Scottish Daily Mail

Finance firm recruited former aide first

- By John Stevens Whitehall Editor

BLACKROCK hired George Osborne after giving a job to his former chief of staff.

Rupert Harrison was handed a role with the investment firm on a six-figure salary in 2015. The 38-year-old has been credited as the ‘architect of the Government’s pension reforms’ that benefited firms including BlackRock.

At his leaving party, Mr Osborne joked: ‘It has been an honour to play a role in the Harrison chancellor­ship.’ After recruiting the aide, BlackRock boasted: ‘Given his experience shaping the recent pensions reforms in the UK, he is uniquely placed to help develop our retirement propositio­n.’

Mr Harrison, a former head boy of Eton, worked for the Institute for Fiscal Studies think-tank before joining Mr Osborne’s staff in 2009. David Cameron made him a CBE in his 2015 honours list.

City headhunter­s said his base salary at BlackRock could be up to £150,000, with a discretion­ary bonus. His annual pay packet when he left government was £95,000.

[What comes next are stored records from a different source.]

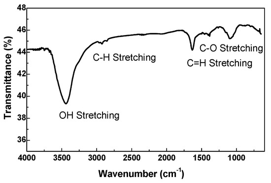 The FT–IR spectrum of the dry Graphit 33 in KBr is shown in Figure 3. The main absorption bands were centered at 3440 cm−1 (–OH group stretching), 2927 cm−1 (C–H group stretching), 1631 cm−1 (C=C group stretching), and 1092 cm−1 (C–O group stretching).
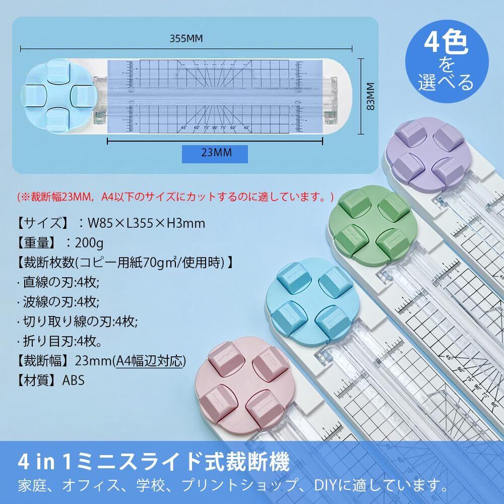 4 in 1ミニスライド式裁断機 【パッケージ内容】:スライダー式ペーパーカッター×1個 【色】:4色を選べる(ピンク、ブルー、パープル、グリーン) 【サイズ】:W85×L355×H3mm 【重量】:200g 【裁断枚数(コピー用紙70g㎡/使用時) 】直線の刃:4枚;波線の刃:4枚;切り取り線の刃:4枚;折り目刃:4枚。【裁断幅】23mm(A4幅辺対応)【材質】ABS
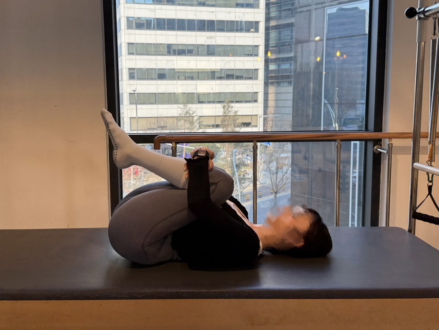 1. 누운 자세에서 양 무릎을 가슴으로 끌어 안아줍니다.

On Friday after Mr Osborne’s new job at BlackRock was announced, Mr Harrison tweeted: ‘So, I have a new adviser.’

In his 2014 budget, Mr Osborne announced changes that mean workers are no longer required to use their pension pot to buy an annuity as a retirement income.

The following month BlackRock’s president, Robert Kapito, told investors up to $25billion a year of pension savings was now ‘money in motion’ as a result.

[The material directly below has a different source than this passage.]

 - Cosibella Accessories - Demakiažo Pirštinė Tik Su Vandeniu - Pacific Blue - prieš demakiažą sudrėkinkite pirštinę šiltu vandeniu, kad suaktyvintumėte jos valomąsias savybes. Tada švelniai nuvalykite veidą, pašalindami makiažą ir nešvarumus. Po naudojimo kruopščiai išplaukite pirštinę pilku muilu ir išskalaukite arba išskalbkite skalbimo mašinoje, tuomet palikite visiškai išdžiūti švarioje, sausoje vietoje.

He added: ‘BlackRock is uniquely positioned because of our multi-asset strategies and our product developmen­t tailored to the retirement area. We intend to put together more retirement products to capitalise on this market.’

The Financial Times reported the comments, claiming the firm was planning ‘to swoop into Britain’s pensions market mounting an aggressive challenge to UK life insurers after concluding that government reforms could lead to the collapse of the annuities market’.

It said such firms had in effect been barred until the budget reforms.